EAGER: Magnetothermal Control of Cell Fates and Function

The potential to guide cellular functions from a distance and direct the regeneration of aged or damaged cells and tissues will have broad impacts in biomedicine. Cells are the basic building blocks of life, and have incredible capacity; developing the ability to control cellular functions will enable rebuilding diseased and damaged tissues, replacing aged organs or directing cells to hunt and eliminate cancer.

As individuals, cells have tremendous capability, and cells also have a natural ability to work together such that with proper control of this team effort the abilities of cells can be amplified; think of all 100 million single cells of your liver working together to help you digest food, distribute nutrients to the body, store energy and purify your blood. The functions of cells are regulated by circuits comprised of genes and proteins that can be controlled with biological switches.

However, to date, a means of transferring a number of switches to cells and controlling them from a distance has not been described. This project seeks to develop biological remote controls with multiple switches that can be used to direct cells to perform functions and work together. These remote control modules that are called, “engineered organelles”, can be operated with magnetic fields.

With magnetically controlled engineered organelles, rapid flashes of magnetic fields can warm the engineered organelle and turn on or off biological switches that control the cells function. The switches are designed with multiplexing capability so multiple functions can be controlled remotely. Engineered organelles are similarly designed for controlling multiple biological functions within a cell and direct them to work together.

The multidisciplinary nature of the project offers unique training opportunities for the next generation of STEM researchers in the fields of bioengineering, physical sciences, synthetic biology and regenerative medicine. The research team invites students from underrepresented groups to participate in summer research via the successful ENSURE (EngiNeering Summer Undergraduate Research Experience) program at Michigan State University (MSU).

In addition, the team develops workshops on engineered biological remote controls for high school science teachers to enable them to update their knowledge and refresh their curricula with state-of-the-art research. To enhance public understanding and appreciation of what engineered organelles can accomplish, the research team participates in the MSU Science Festival which caters to the greater Lansing area.

Results from the project will be integrated into undergraduate course curricula and be incorporated into graduate courses in bioengineering and synthetic biology to teach the new principle of using engineered organelles to guide biology.

This project aims at mimicking endosymbiogenesis and modify prokaryotic cells to create engineered magnetoendosymbionts (eMEs) that can be controlled using alternating magnetic fields (AMF). This involves engineering iron particle-coated or iron-containing prokaryotes, magnetotactic bacteria (MTB), to act as magnetothermally regulated pseudo-organelles.

Magnetothermal control will activate eME to express mammalian transcription (txn) factors directed to host cell nuclei for controlling host gene expression. Genetic thermal switches will be engineered into MTB using optical reporter genes as a readout, and deliver reporters from eME in the cytoplasm to the nucleus of the host cell. The use of reporter genes will help guide development of eME that encode mammalian txn factors to enable reprogramming of differentiated macrophages into iPSCs and then into hepatocytes.

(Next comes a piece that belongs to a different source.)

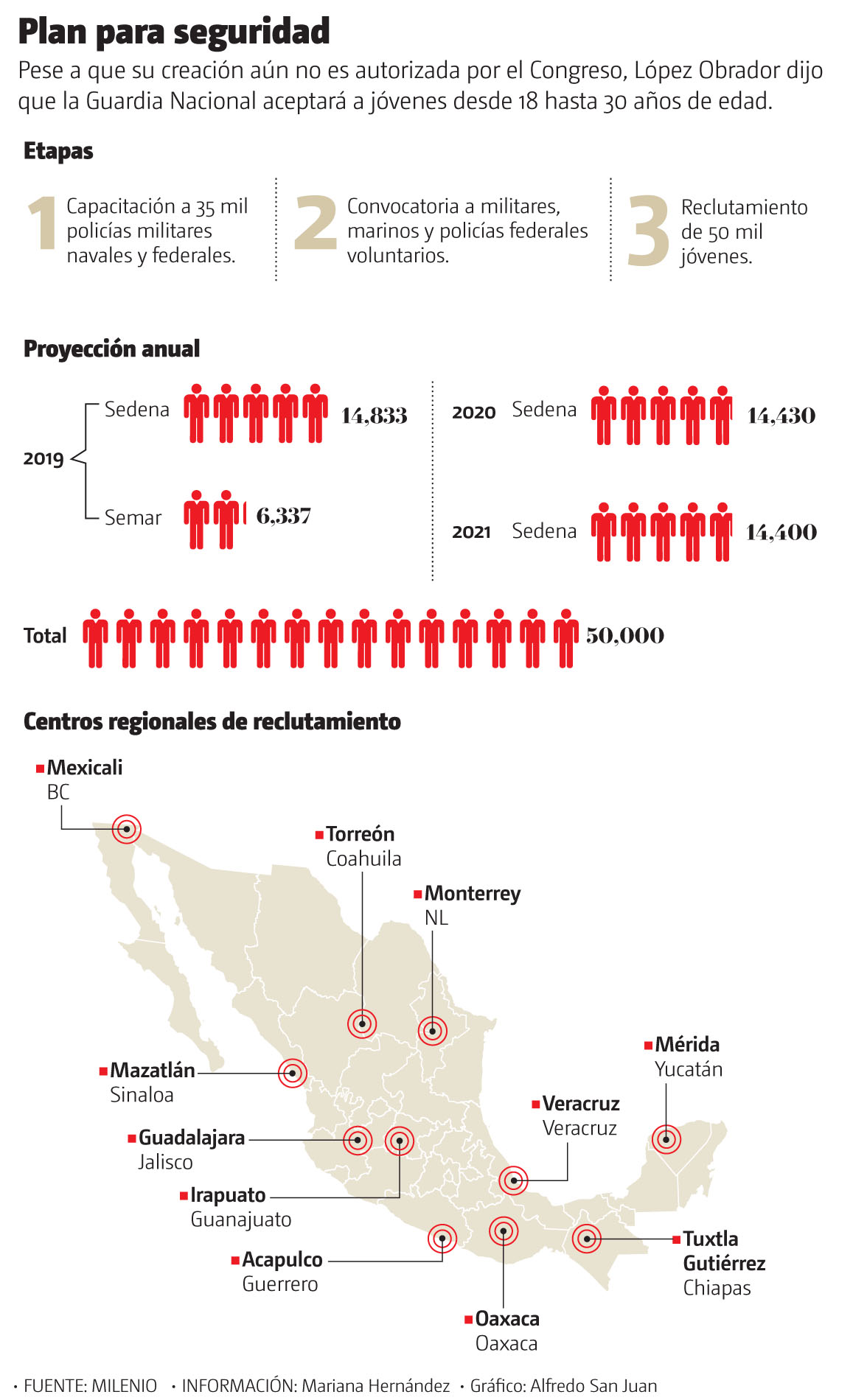 Destacó que se hizo la invitación a que militares marinos y policías en activo soliciten su integración a esta institución y la convocatoria que se lanzó ayer es para jóvenes que busquen sumarse, por lo que de 2019 a 2021 se reclutará a 50 mil jóvenes, de manera paulatina; de ellos, se pretende captar 21 mil 170 elementos, destinados bajo responsabilidad de la Sedena.
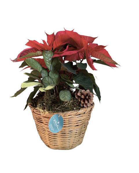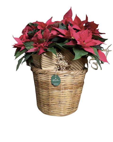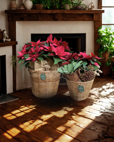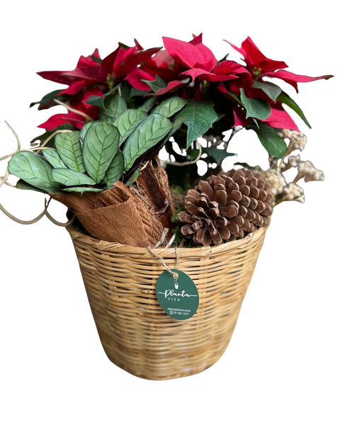 Una cesta llena de nochebuenas, plantas verdes y detalles de invierno, ideal para transformar cualquier espacio con un toque cálido y festivo.

A chemically (mannose) regulated iPSC-generating operon will be engineered expressing Oct3/4, Sox2, KLF4, c-Myc, txn factors for cellular reprogramming and a thermally regulated hepatocyte-generating operon expressing txn factors HNF4A, HNF1A. FoxA1 and FoxA3. Once demonstrated in the EES the operons will be transferred to MTB and used these eMEs to program macrophages to iPSCs and then to hepatocytes with magnetothermal control.

This project is funded by the Systems and Synthetic Biology Cluster in the Division of Molecular and Cellular Biosciences and the Engineering Biology and Health Cluster in the Division of Chemical, Bioengineering, Environmental and Transport Systems.

This award reflects NSF's statutory mission and has been deemed worthy of support through evaluation using the Foundation's intellectual merit and broader impacts review criteria.